I don't know that I've ever seen so much pain in her eyes since I met her. I don't know that I've seen tears welled up in her eyes quite the way they were.  
  
And it killed me. Don't think it doesn't. It drove me crazy, because here in front of me, was standing the girl who I care so much about … who I would do anything for. She was near tears because of something I'd done, because of more than one situation I'd been a part of … because for some reason, Rory wants to be with me. And I wanted to do something … but I couldn't.   
  
When she was going on and on with the questions, a million thoughts were racing through my mind.

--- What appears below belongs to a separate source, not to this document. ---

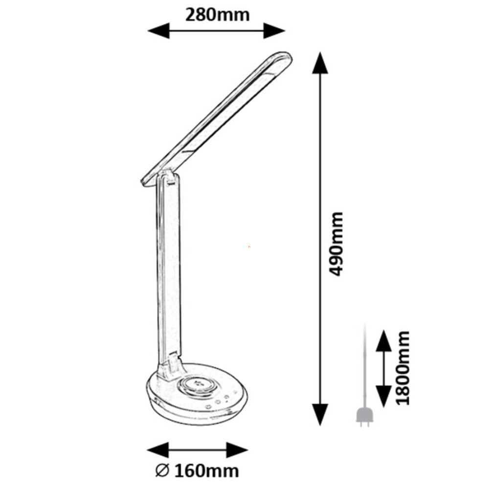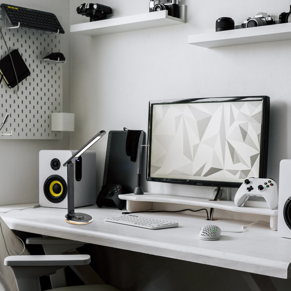 A Jacey Rábalux 74226 szabályozható asztali LED lámpa modern világítási megoldást kínál otthoni vagy irodai munkakörnyezetek számára. A beépített LED modul 6 W teljesítménnyel és 480 lumen fényárammal üzemel, miközben a színhőmérséklet három fokozatban, 3000, 4000 és 5000 Kelvin között állítható, így a fényerő és a fény színe is az igényekhez igazítható. A lámpa érintőkapcsolós vezérlése lehetővé teszi a fényerősség szabályozását, valamint memóriafunkcióval rendelkezik, amely megjegyzi a legutóbb használt beállításokat. Az eszköz különlegessége, hogy vezeték nélküli telefontöltővel is ellátták, így kompatibilis mobilkészülékek töltése egyszerűen megoldható. Az IP20 védettségű, műanyagból készült lámpatest fekete és fehér színben érhető el, átlagos élettartama eléri a 25 000 órát. A termék 12 V névleges feszültséggel működik, energiaosztálya G, méretei pedig 280 mm hosszúság, 490 mm szélesség, tömege 0,835 kg. A színes talapzat világítása tovább növeli a vizuális élményt és a funkcionalitást.

The first of course, was the hope that she'd broken things off with Dean … because then, everything would be a different story.   
  
But then she hadn't.  
  
And I don't want to be part of this love triangle anymore with her and Dean. I want to be with her, or nothing at all. I can't spent all my time chasing around after someone I can't have. It'll be the death of me if I do. I've put myself out there, and I've put myself on the line.  
  
Rory knows why I bought her a pizza, reread The Fountainhead, jumped into a moving sleigh, why I bought her basket, and why I moved back from New York. She also knows very well that Shane wouldn't ever do any of those things, and that I would never do any of those things for Shane. She's not Rory.  
  
And maybe … maybe, I should've told her that if she wasn't with Dean, thing would be different. But I shouldn't have to put an ultimatum on it for it to happen. There shouldn't have to be those kinds of limits and boundaries, it should just come from her because she knows that it's right. She needs to be ready, after almost a year, to admit to everyone, that she has feelings for me, instead of just by letting it slip through secret moments, and stolen kisses. 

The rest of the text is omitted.